A discussion of estoppel in the context of the ITCA must begin with Delaware County v. Powell (1979), 272 Ind. 82, 393 N.E.2d 190. In Powell, the plaintiff was a passenger in a car struck by a Delaware County highway truck. The county's insurance carrier contacted Powell and made payments to her totalling approximately $19,000. Powell alleged that the insurance company admitted the county's liability and stated it would "take care of everything." 393 N.E.2d at 190. One and a half years later, after it had become clear that full settlement would not be forthcoming, Powell filed written notice of claim with the county commissioners, who rejected the notice as untimely. Powell sued, and the trial court denied the county's motion for summary judgment. The court of appeals reversed, holding that the notice was a procedural precedent which, "once properly placed in issue, cannot be subjected to estoppel or waived as a result of prior actions of the defendant or its agents." Powell, 393 N.E.2d at 191.
The Indiana Supreme Court reversed, reasoning as follows:
[I]t appears that acts or conduct of the defendant or his agent as well as acts of the plaintiff could establish that the purposes of the statute were satisfied, that is, that the city was advised of the accident and that it promptly investigated the surrounding circumstances to determine its possible liability and to prepare a defense. Other facts proving preparation of a defense or admissions of liability; letters or writings involving descriptions of the incident, causes and conditions thereof or the nature and extent of injuries; promises; payments; settlements or other conduct or acts of the defendant or his agents or of the plaintiff, could be offered to prove that the purposes of the statute have been satisfied. When the purposes of the statute are fully satisfied, it is clear that the result is substantial compliance with the statute. When acts and conduct of the defendant or his agents have established that the purposes of the statute have been satisfied, these acts and conduct could constitute a waiver of notice or create an estoppel.
Id. at 192. Thus, the Indiana Supreme Court held that the court of appeals erred by not allowing proof of substantial compliance, waiver, or estoppel to go to the trial judge.
Courts from other jurisdictions have reached a similar conclusion. See, e.g., Labriola v. Southeastern Penn. Transp. Authority (1974), 227 Pa.Super. 305, 323 A.2d 9, supra; Rabinowitz v. Town of Bay Harbor Islands (1965), Fla., 178 So.2d 9; Harte v. City of Eagle River (1970), 45 Wis.2d 513, 173 N.W.2d 683. And, in Roberts v. Haltum City (1976), 543 S.W.2d 75, reh'g denied, where the plaintiff had been told by the Police Chief that "everything would be taken care of," the Texas Supreme Court reasoned:
This statement may have been sufficient to lead a reasonably prudent person to conclude that the City was adequately notified and that no further steps needed to be taken until the City completed its investigation.
Roberts, 543 S.W.2d at 79 (reversing summary judgment for the City).

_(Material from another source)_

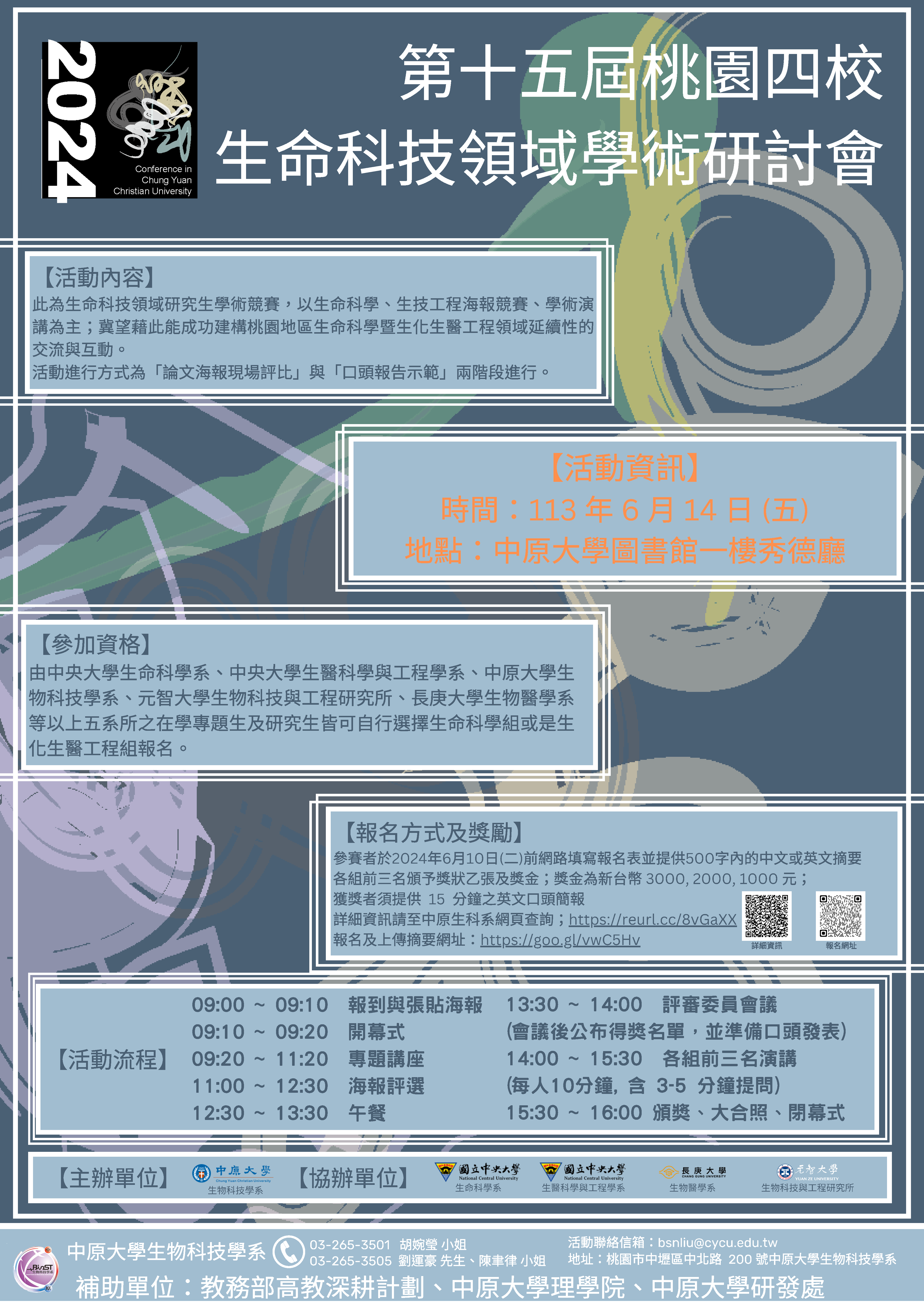 舉辦地點:中原大學張靜愚圖書館 1F 秀德廳 (演講) 及中原大學生物科技館 1 樓 (海報評比場地)

In the present case we find Powell sufficiently analogous, and the cases from the jurisdictions noted above sufficiently persuasive to require reversal of the trial court's granting of summary judgment. Here, Allen's uncontradicted allegations tend to show that an agent of the Jail actively represented indeed promised *417 that Allen would be fully reimbursed for his loss, in effect representing that litigation would be rendered unnecessary by settlement. But later, after the time for fulfilling the technical notice requirements had passed, the Jail refused to fulfill its earlier promises, making it necessary for Allen to file suit. From these allegations, we are unable to say that, as a matter of law, Allen did not rely on the Jail's representations or that such reliance would have been unreasonable. Thus, we hold only that an issue of material fact exists, and that summary judgment was improper.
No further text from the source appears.